What's wanted is a faithful retyping of every entry, pictures excluded.
━━━━━ Provided information ━━━━━
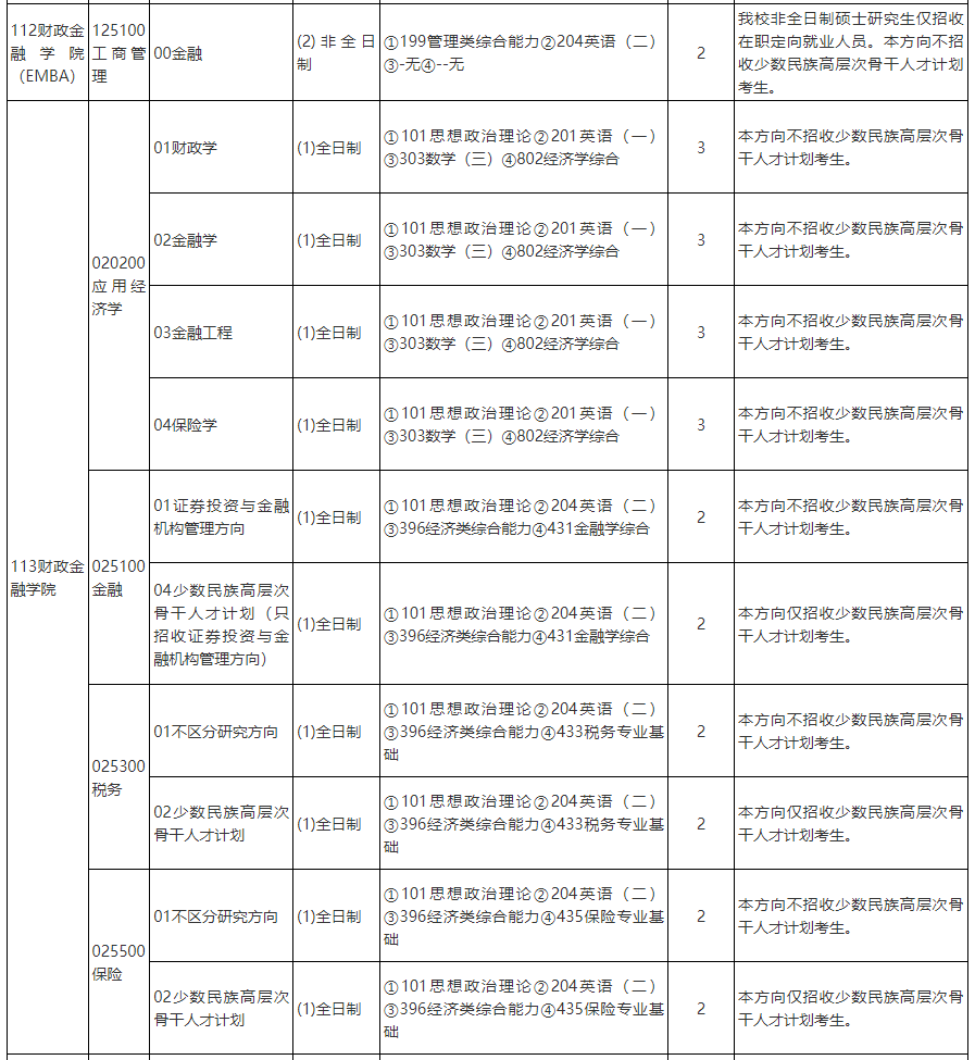 2025年中国人民大学财政金融学院硕士研究生招生专业目录
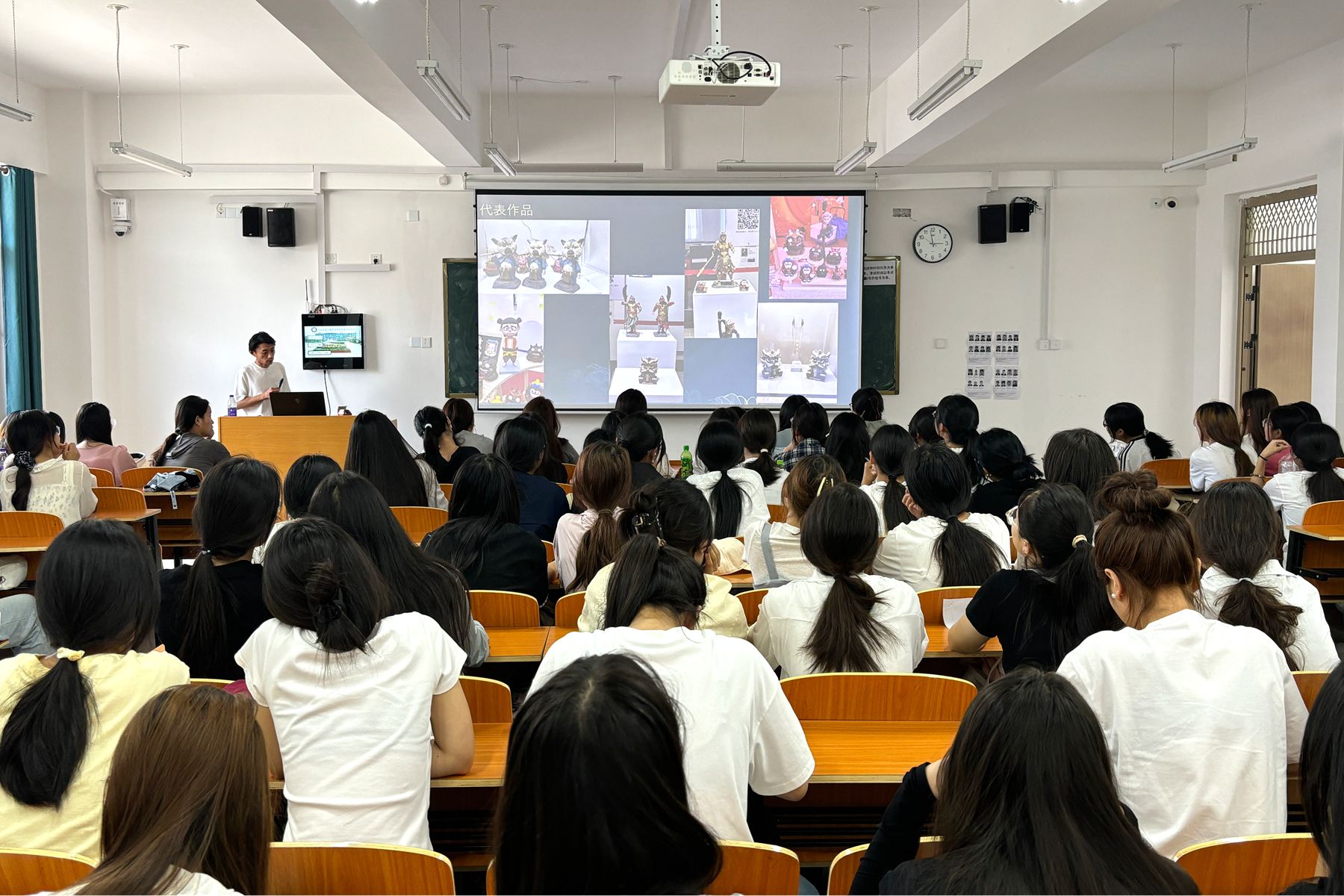 讲座现场,王斌老师以深厚的专业素养和丰富的实践经验,围绕彩塑的基本概念、分类、历史演变、制作步骤以及传承与保护等内容,进行了深入浅出的讲解。他通过展示大量精美的彩塑作品图片和珍贵实物,带领学生们穿越千年历史,领略彩塑艺术的独特魅力。从传统彩塑的文化底蕴,到现代创新设计理念的融入,王斌老师结合自身创业实践,深入剖析如何将传统非遗技艺与现代设计、市场需求相结合,为学生们打开了非遗传承与创新创业融合发展的新思路,生动诠释了非遗在当代社会的经济价值与文化生命力。
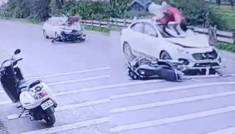 अतिशय कमी वर्दळीच्या रस्त्यावरून जाणारी एक बाईक, त्यावर बसलेलं जोडपं आणि तेवढ्यात भरधाव वेगाने मागून आलेली कार. समोर बाईक दिसत असूनही कारचालकाने ब्रेक वगैरे न लावता गाडी तशीच पुढे दामटली आणि त्या बाईकला थेट धडक दिली. ती ठोकर एवढी जबरदस्त होती की, बाईकवरील दोघेही एखाद्या बाहुलीप्रमाणे वर उडाले, गाडीच्या टपावर आपटले आणि धाडकन रस्त्यावर आदळले. त्याचं दैवं बलवत्तर म्हणूनच या भीषण अपघातातून ते बचावले असले तरी बऱ्याच जखमा झाल्या आहेत . काळजाचा थरकाप उडवणाऱ्या या अपघाताचा व्हिडीओ देखील समोर आला आहे.
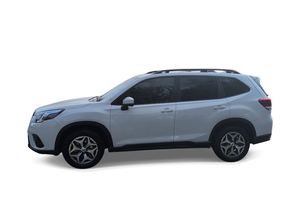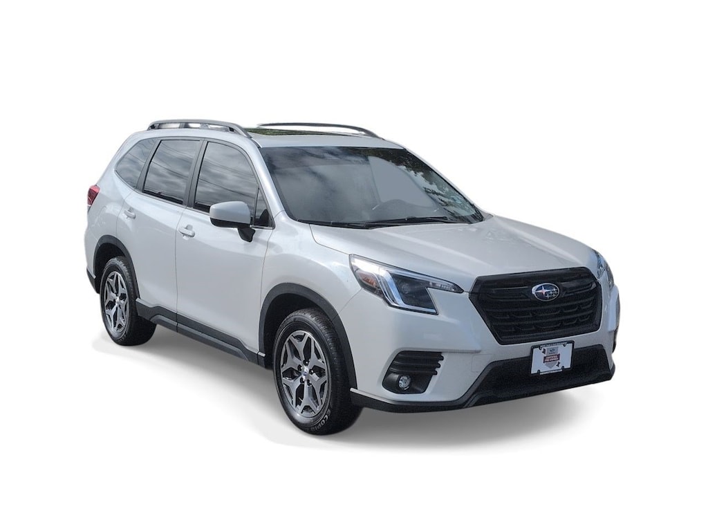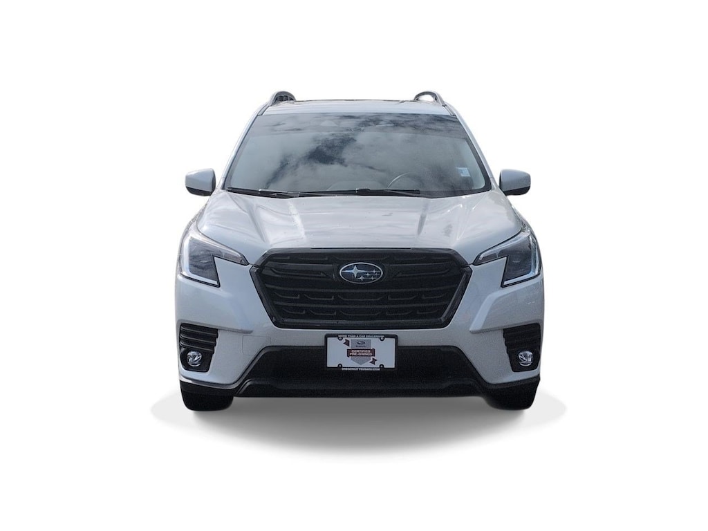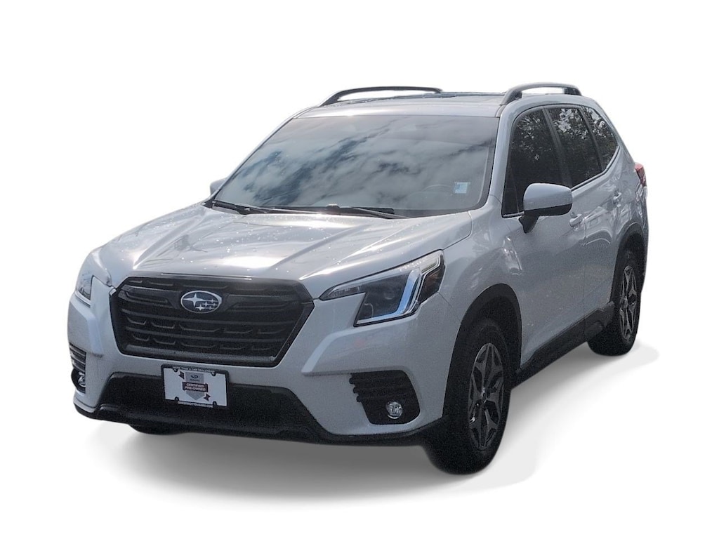 3.70 Axle Ratio, 4-Wheel Disc Brakes, 6 Speakers, ABS brakes, Air Conditioning, All-Weather Floor Liners, Alloy wheels, AM/FM radio: SiriusXM, Anti-whiplash front head restraints, Auto High-beam Headlights, Automatic temperature control, Blind Spot Detection w/RCTA & Power Rear Gate, Blind-Spot Detection (BSD), Brake assist, Bumpers: body-color, Cargo Tray, Driver door bin, Driver vanity mirror, Drivers Seatback Divided Pocket, Dual front impact airbags, Dual front side impact airbags, Dual USB Charge Ports, Electronic Stability Control, Emergency communication system: STARLINK Safety and Security (Subscription Required), Exterior Parking Camera Rear, EyeSight System, Four wheel independent suspension, Front anti-roll bar, Front Bucket Seats, Front Center Armrest, Front fog lights, Front reading lights, Fully automatic headlights, Heated door mirrors, Heated Front Bucket Seats, Heated front seats, Illuminated entry, Knee airbag, Leather steering wheel, Low tire pressure warning, Multi-Function High Grade Display, Occupant sensing airbag, Outside temperature display, Overhead airbag, Overhead console, Panic alarm, Passenger door bin, Passenger vanity mirror, Power door mirrors, Power driver seat, Power moonroof: Panoramic, Power Rear Gate, Power steering, Power windows, Premium Cloth Upholstery, Radio data system, Radio: Subaru STARLINK 6.5 Multimedia Plus System, Rear anti-roll bar, Rear seat center armrest, Rear window defroster, Rear window wiper, Remote keyless entry, Roof rack: rails only, Security system, Speed control, Speed-sensing steering, Split folding rear seat, Spoiler, STARLINK/Apple CarPlay/Android Auto, Steering wheel mounted audio controls, Tachometer, Telescoping steering wheel, Tilt steering wheel, Traction control, Trip computer, Variably intermittent wipers, Wheels: 17 x 7.0 J Black Machine Finish Alloy. Crystal White Pearl 2024 Subaru Forester Premium AWD Lineartronic CVT 2.5L 4-Cylinder DOHC 16V
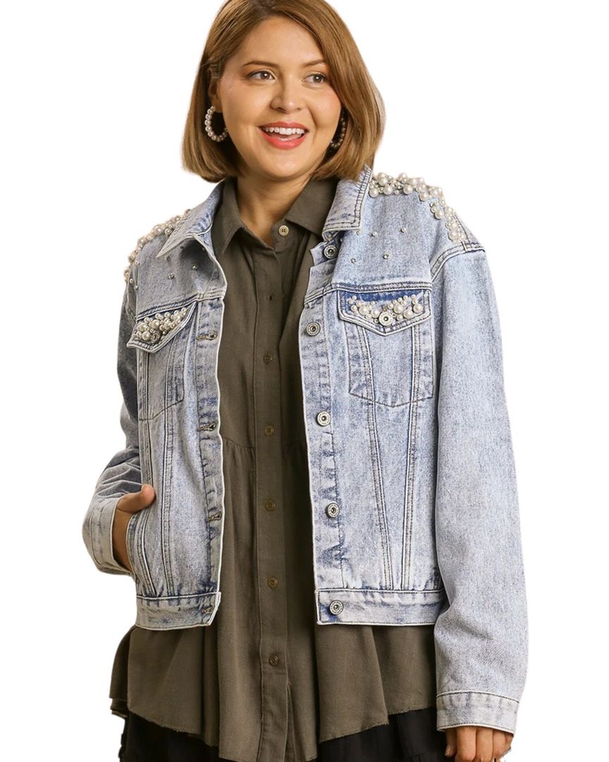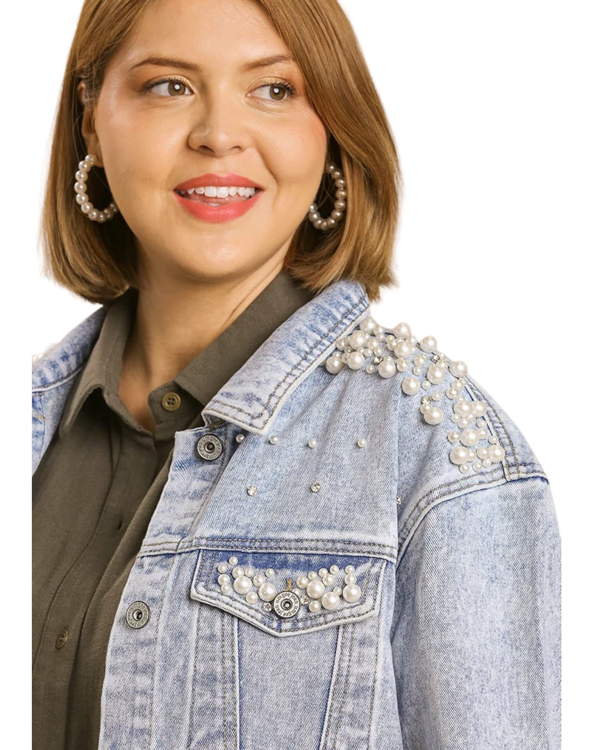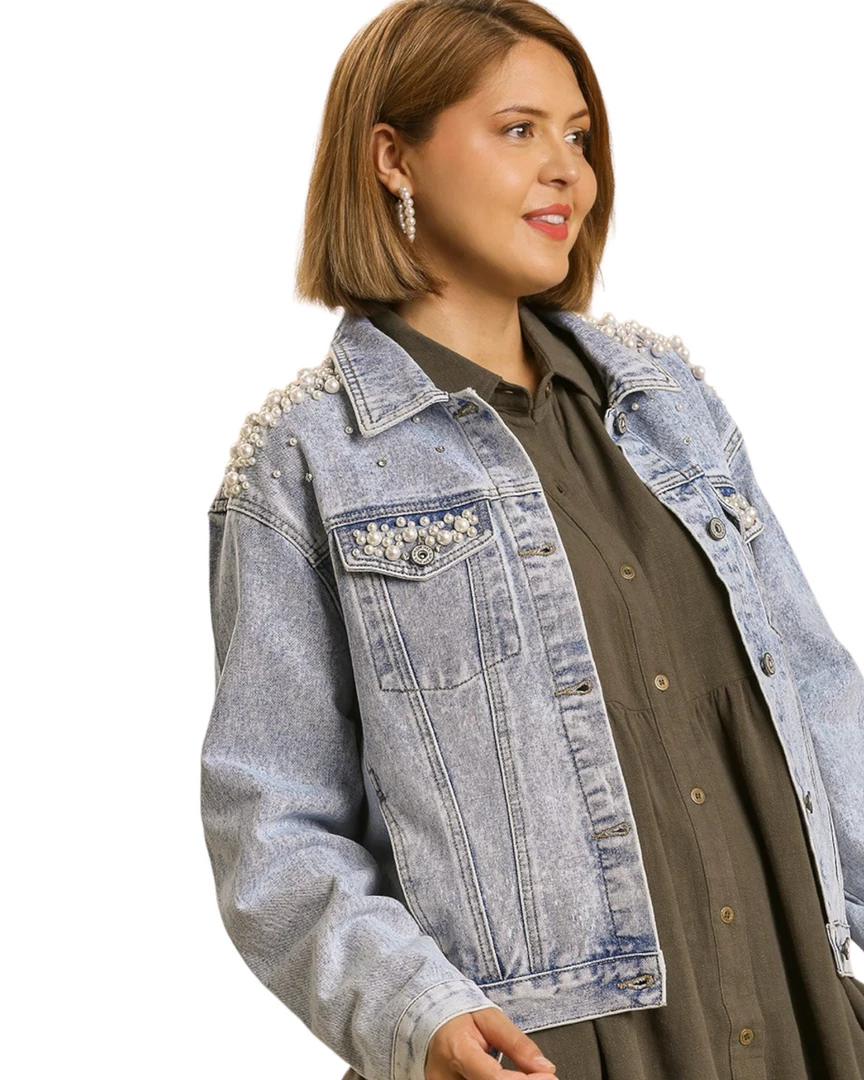 Top 10 ⌛ Apparel-Curvy Girl Curvy Just A Girl Pearl Denim Jacket ✨
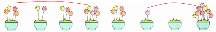 )朵。(3)将图中合起来是9朵的两个花盆连起来。
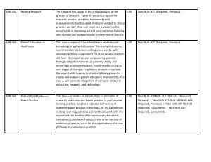 3.00 Take NUR-209 NUR-212 NUR-324 . ( Required , Previous ). | Take NUR-313 NUR-319 NUR-423 . ( Required , Previous ). | Take NUR-307 NUR-317 . ( Required , Concurrent ). | Take NUR-417 . ( Required , Concurrent ). |
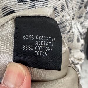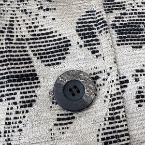 Stylish short-sleeve blazer with a black and cream pattern. Features a button-up front and notched lapel. Two front pockets. Fabric is unique weave to show the floral patterns, cotton acetate blend.
━━━━━
### Answer box
 2025年中国人民大学财政金融学院硕士研究生招生专业目录
 讲座现场,王斌老师以深厚的专业素养和丰富的实践经验,围绕彩塑的基本概念、分类、历史演变、制作步骤以及传承与保护等内容,进行了深入浅出的讲解。他通过展示大量精美的彩塑作品图片和珍贵实物,带领学生们穿越千年历史,领略彩塑艺术的独特魅力。从传统彩塑的文化底蕴,到现代创新设计理念的融入,王斌老师结合自身创业实践,深入剖析如何将传统非遗技艺与现代设计、市场需求相结合,为学生们打开了非遗传承与创新创业融合发展的新思路,生动诠释了非遗在当代社会的经济价值与文化生命力。
 अतिशय कमी वर्दळीच्या रस्त्यावरून जाणारी एक बाईक, त्यावर बसलेलं जोडपं आणि तेवढ्यात भरधाव वेगाने मागून आलेली कार. समोर बाईक दिसत असूनही कारचालकाने ब्रेक वगैरे न लावता गाडी तशीच पुढे दामटली आणि त्या बाईकला थेट धडक दिली. ती ठोकर एवढी जबरदस्त होती की, बाईकवरील दोघेही एखाद्या बाहुलीप्रमाणे वर उडाले, गाडीच्या टपावर आपटले आणि धाडकन रस्त्यावर आदळले. त्याचं दैवं बलवत्तर म्हणूनच या भीषण अपघातातून ते बचावले असले तरी बऱ्याच जखमा झाल्या आहेत . काळजाचा थरकाप उडवणाऱ्या या अपघाताचा व्हिडीओ देखील समोर आला आहे.
 3.70 Axle Ratio, 4-Wheel Disc Brakes, 6 Speakers, ABS brakes, Air Conditioning, All-Weather Floor Liners, Alloy wheels, AM/FM radio: SiriusXM, Anti-whiplash front head restraints, Auto High-beam Headlights, Automatic temperature control, Blind Spot Detection w/RCTA & Power Rear Gate, Blind-Spot Detection (BSD), Brake assist, Bumpers: body-color, Cargo Tray, Driver door bin, Driver vanity mirror, Drivers Seatback Divided Pocket, Dual front impact airbags, Dual front side impact airbags, Dual USB Charge Ports, Electronic Stability Control, Emergency communication system: STARLINK Safety and Security (Subscription Required), Exterior Parking Camera Rear, EyeSight System, Four wheel independent suspension, Front anti-roll bar, Front Bucket Seats, Front Center Armrest, Front fog lights, Front reading lights, Fully automatic headlights, Heated door mirrors, Heated Front Bucket Seats, Heated front seats, Illuminated entry, Knee airbag, Leather steering wheel, Low tire pressure warning, Multi-Function High Grade Display, Occupant sensing airbag, Outside temperature display, Overhead airbag, Overhead console, Panic alarm, Passenger door bin, Passenger vanity mirror, Power door mirrors, Power driver seat, Power moonroof: Panoramic, Power Rear Gate, Power steering, Power windows, Premium Cloth Upholstery, Radio data system, Radio: Subaru STARLINK 6.5 Multimedia Plus System, Rear anti-roll bar, Rear seat center armrest, Rear window defroster, Rear window wiper, Remote keyless entry, Roof rack: rails only, Security system, Speed control, Speed-sensing steering, Split folding rear seat, Spoiler, STARLINK/Apple CarPlay/Android Auto, Steering wheel mounted audio controls, Tachometer, Telescoping steering wheel, Tilt steering wheel, Traction control, Trip computer, Variably intermittent wipers, Wheels: 17 x 7.0 J Black Machine Finish Alloy. Crystal White Pearl 2024 Subaru Forester Premium AWD Lineartronic CVT 2.5L 4-Cylinder DOHC 16V
 Top 10 ⌛ Apparel-Curvy Girl Curvy Just A Girl Pearl Denim Jacket ✨
 )朵。(3)将图中合起来是9朵的两个花盆连起来。
 3.00 Take NUR-209 NUR-212 NUR-324 . ( Required , Previous ). | Take NUR-313 NUR-319 NUR-423 . ( Required , Previous ). | Take NUR-307 NUR-317 . ( Required , Concurrent ). | Take NUR-417 . ( Required , Concurrent ). |
 Stylish short-sleeve blazer with a black and cream pattern. Features a button-up front and notched lapel. Two front pockets. Fabric is unique weave to show the floral patterns, cotton acetate blend.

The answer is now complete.